Results from 2021 presidential election, first round, available at [INFOGOB](https://infogob.jne.gob.pe/BaseDatos). Let's keep the results at the _PROVINCIA_ level.

In [None]:
# !pip install unidecode

In [None]:
import pandas as pd # you may also need openpyxl
from unidecode import unidecode # helps get rid of some troublesome spanish elements

dataLink="https://github.com/MagallanesTalks/OpenBigData_atPUCP/raw/refs/heads/main/data/EG2021_V1.1_Resultados_Presidencial.xlsx"

vuelta1=pd.read_excel(dataLink,sheet_name='Nivel_Provincial')

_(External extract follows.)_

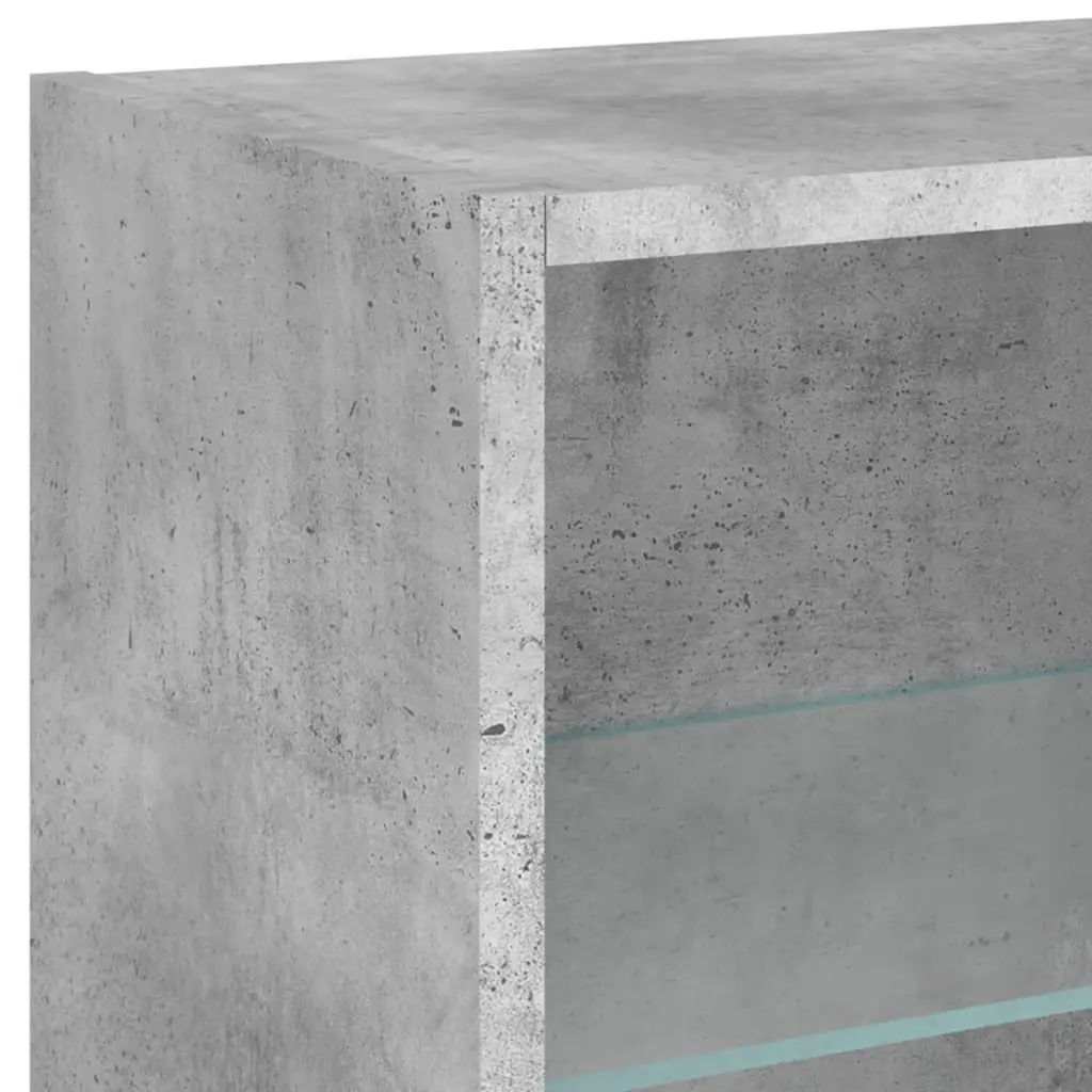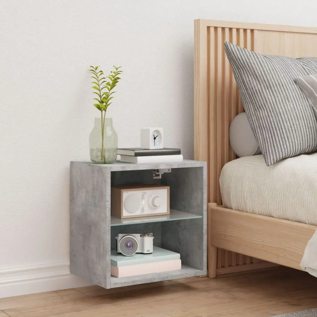This Concrete Grey Floating Bedside Cabinet mixes style and usefulness for modern homes. Ideal for bedrooms, this wall-hung cabinet offers a sleek look while freeing up space for books, decorative bits, or essentials, all while seamlessly fitting into your room's decor with its minimalist style. Stylish Floating Design: This cabinet's floating design saves floor space while adding elegance to your bedroom. Mounted securely on the wall, it creates an illusion of space, making your room feel bigger.Dynamic RGB LED Lighting: With built-in RGB LED lights, you can switch up the mood of your room with custom patterns and colors for a lively and personalized atmosphere.Functional Storage: Boasting generous storage options, this cabinet features a spacious drawer to keep your nighttime essentials within easy reach, ensuring a tidy space.Durable Construction: Built from high-quality engineered wood and glass, this bedside cabinet is made for durability and good looks, ensuring it lasts while enhancing your decor.Easy Assembly: Designed for your convenience, the cabinet is simple to set up. With the right tools, you can quickly and easily mount it on your wall, ready for use.

vuelta1.columns=[unidecode(col) for col in vuelta1.columns.str.replace('\s','',regex=True)]

# checking the way the data was recognised by pandas
vuelta1.info()

In [None]:
# Distribution of missing values
vuelta1.isnull().sum()

In [None]:
## TipoOrganizacionPolitica?
vuelta1[vuelta1.TipoOrganizacionPolitica.isnull()]

In [None]:
## Votos
vuelta1[vuelta1.Votos.isnull()]

In [None]:
# replace by zero.
vuelta1['Votos']=vuelta1.loc[:,'Votos'].fillna(0)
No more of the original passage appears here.